The following statistics information displays above the results tables:

  • Significance level (frequentist experiments only): The range of values within which, if you repeated the experiment many times, would contain the true value of the relative difference between the treatment and the control. To learn more, read Frequentist experiment results.
  • Threshold (Bayesian experiments only): The threshold represents how confident you want to be in an experiment’s results before making a decision. The threshold determines the width of your credible intervals, and when LaunchDarkly declares a variation the winning variation. when You select your desired threshold when you create an experiment. To learn more, read Bayesian experiment results.
  • SRM: Specifies if LaunchDarkly has detected a sample ratio mismatch (SRM). SRMs indicate that there may be an issue with the implementation of your JavaScript-based SDKs. To learn more, read Sample ratio mismatch.
  • CUPED: Specifies if LaunchDarkly has enabled covariate adjustment (CUPED) for this experiment. CUPED uses data collected before an experiment began to reduce variance in experiment results.
  • MCC (frequentist experiments only): Specifies if you have multiple comparisons correction (MCC) enabled to help reduce false positives in your experiment.
    • To toggle off MCC on a running or completed experiment, click on the pencil icon above the “Exposures” section and uncheck the Multiple comparisons correction checkbox.
  • Sequential testing: (Frequentist experiments only) Whether or not you have enabled sequential testing to allow you to act on the results at any time.

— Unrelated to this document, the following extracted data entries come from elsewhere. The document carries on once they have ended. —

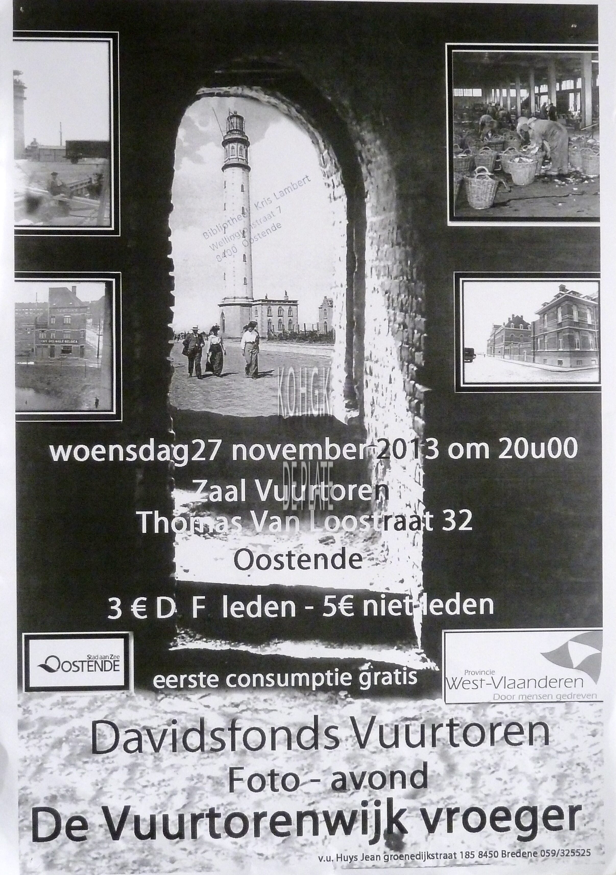 Affiche : Davidsfonds Vuurtoren. Foto-avond : De Vuurtorenwijk vroeger. Zaal Vuurtoren. 27/11/2013
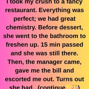 I took my crush to a fancy restaurant. Everything was perfect; we had great chemistry. Before dessert, she went to the bathroom to freshen up. 15 minutes…
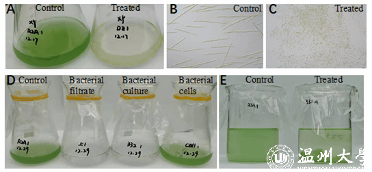 溶藻细菌(Algicidal bacteria)是一类能通过直接接触或释放溶藻物质间接来抑制藻类生长或破坏藻细胞结构的细菌统称。它们广泛存在于湖泊、水库及其附近土壤中,在蓝藻水华的暴发和消失中发挥着重要作用。而且,相较于物理法和化学法,基于溶藻菌的微生物控藻法因其高效、特异和生态友好性而受到广泛的关注和研究,被认为是十分具有发展前景的蓝藻水华防治方法。虽然已经有50余个种属的溶藻菌被鉴定、报道,但大多都是靶向微囊藻的相关工作,目前针对尖头藻溶藻菌的研究工作很少(仅3篇),且缺乏深入、细致的溶藻机制研究。
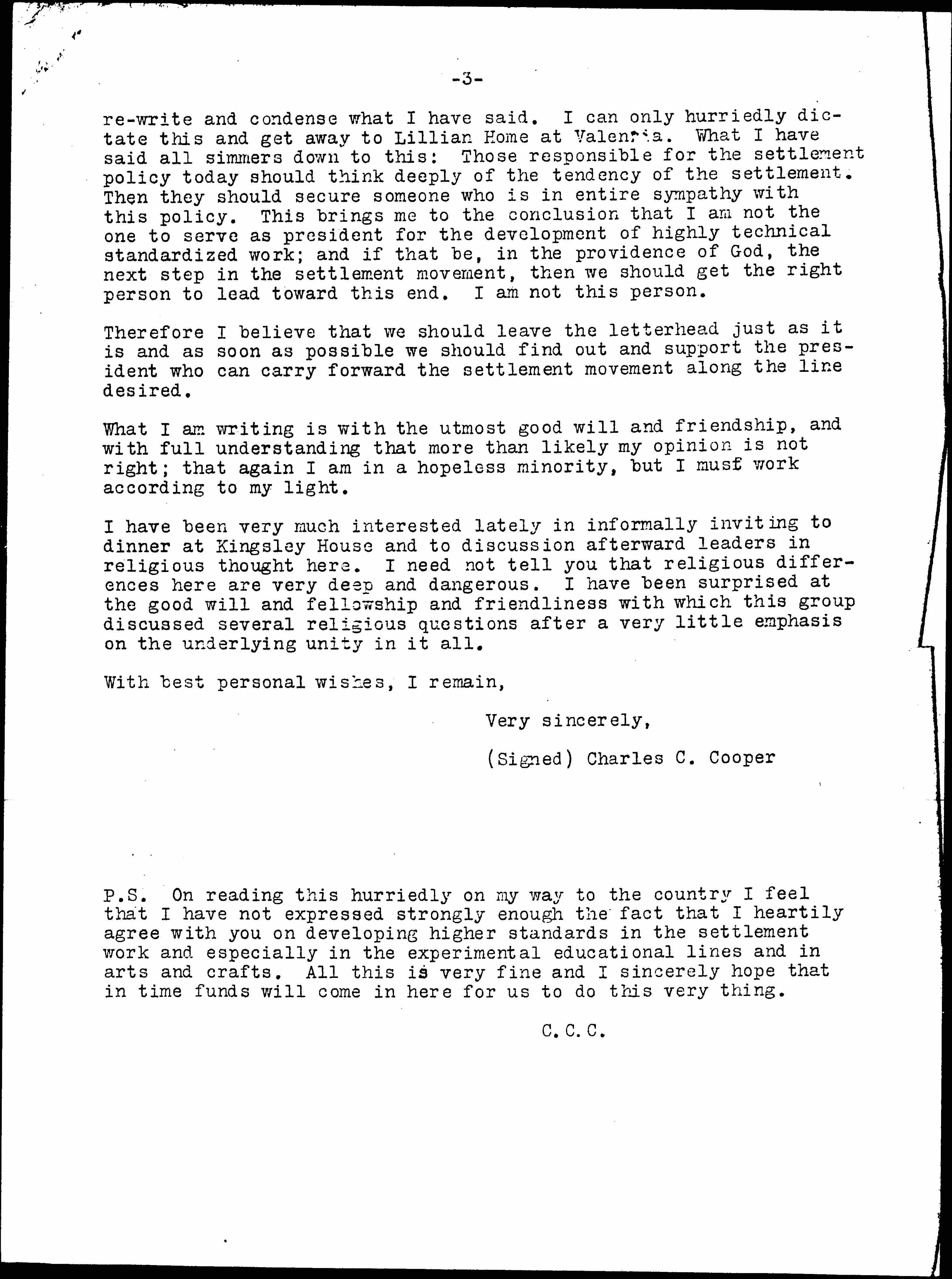I suppose you think I am making a speech, and I wish I had time to [page 3] rewrite and condense what I have said. I can only hurriedly dictate this and get away to Lillian Home at Valencia. What I have said all simmers down to this: Those responsible for the settlement policy today should think deeply of the tendency of the settlement. Then they should secure someone who is in entire sympathy with this policy. This brings me to the conclusion that I am not the one to serve as president for the development of highly technical standardized work; and if that be, in the providence of God, the next step in the settlement movement, then we should get the right person to lead toward this end. I am not this person.
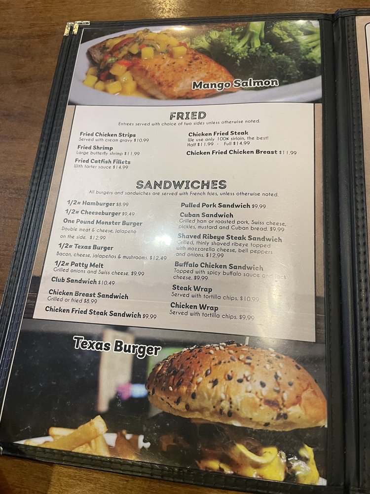 1 choice of 1/2 fried item. Choose a meat preparation: Rare, Medium Rare, Medium, Medium Well, Well Done. Choose an item: Fried Chicken Breast, Chicken Fried Steak, Fried Calf Fries, Fried Catfish Fillets, Fried Chicken Strips.
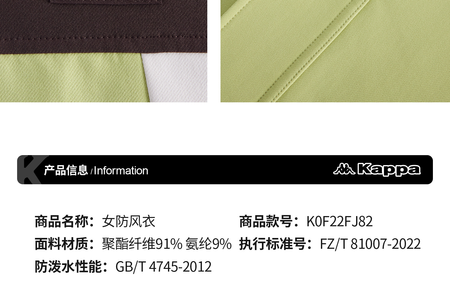 Kappa卡帕背靠背新款运动防风衣女款户外夹克防泼水连帽外套上衣K0F22FJ82
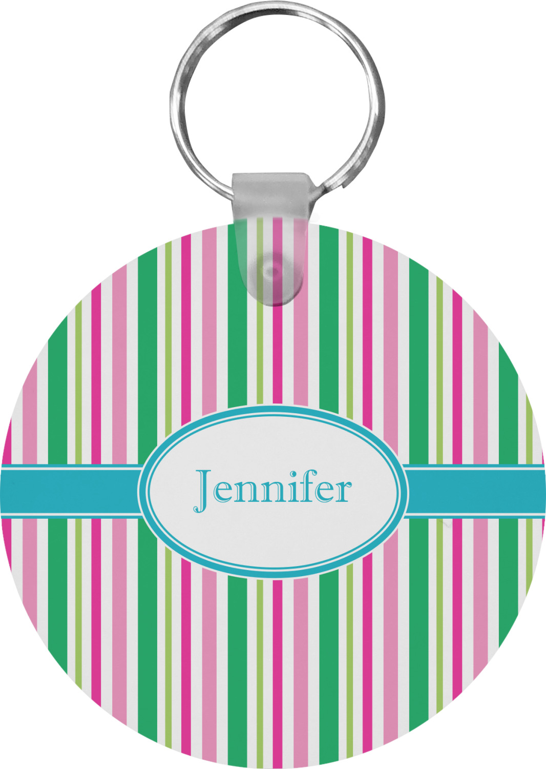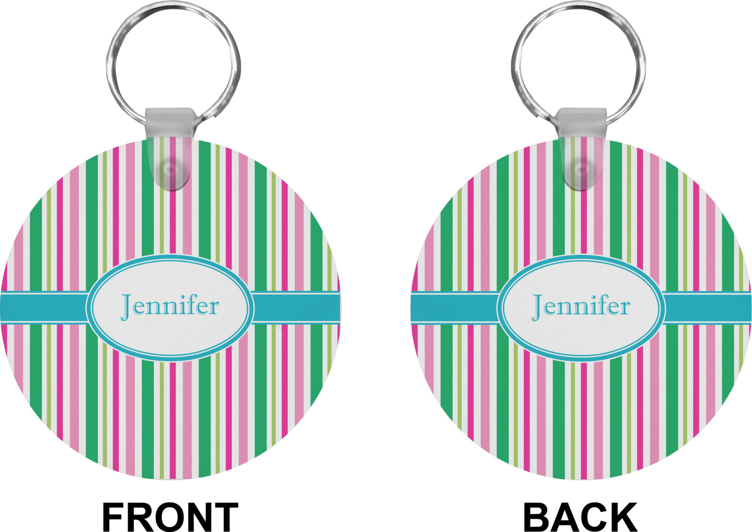 Our personalized keychains attach to the included metal, split key ring with a plastic, removable snap. Since a metal ring is included with your purchase, you have the liberty to keep your keys together on the ring, with or without your unique keychain. We offer this keychain in three different shapes: circle, heart, or diamond. We print your personalized design(s) on both sides of the key chain, and the surface has a glossy, reflective finish that only emphasizes your design. Each keychain is approximately 2.25 by 2.25 inches.

An experiment's statistics information.

An experiment's statistics information.

Results table

An experiment’s results table displays each variation’s performance in the experiment. You can choose to view the results by forest plot, arm averages, probability density, or relative difference.

To learn more, read Bayesian experiment results and Frequentist experiment results.

A frequentist experiment's results table.

A frequentist experiment's results table.

The results table groups variation results by the metrics chosen for the experiment. The “Sample size” column shows the number of units the metric contributes to experiment results. Certain metric configuration options can cause units to be excluded from the experiment. Click a value in this column to view a breakdown of any units that were excluded from consideration. To learn more, read Metric measurement window.

Further analyzing results

You can further analyze your results using Data Export or by implementing qualitative user feedback.

Data Export

If you’re using Data Export, you can further analyze your experiment data using third-party tools. To learn more, read Data Export.

Qualitative user feedback

Experimentation provides useful quantitative feedback, but you may be interested in gathering qualitative feedback as well. To do this, you can configure your application to send user feedback to LaunchDarkly. To learn how, read Collecting user feedback.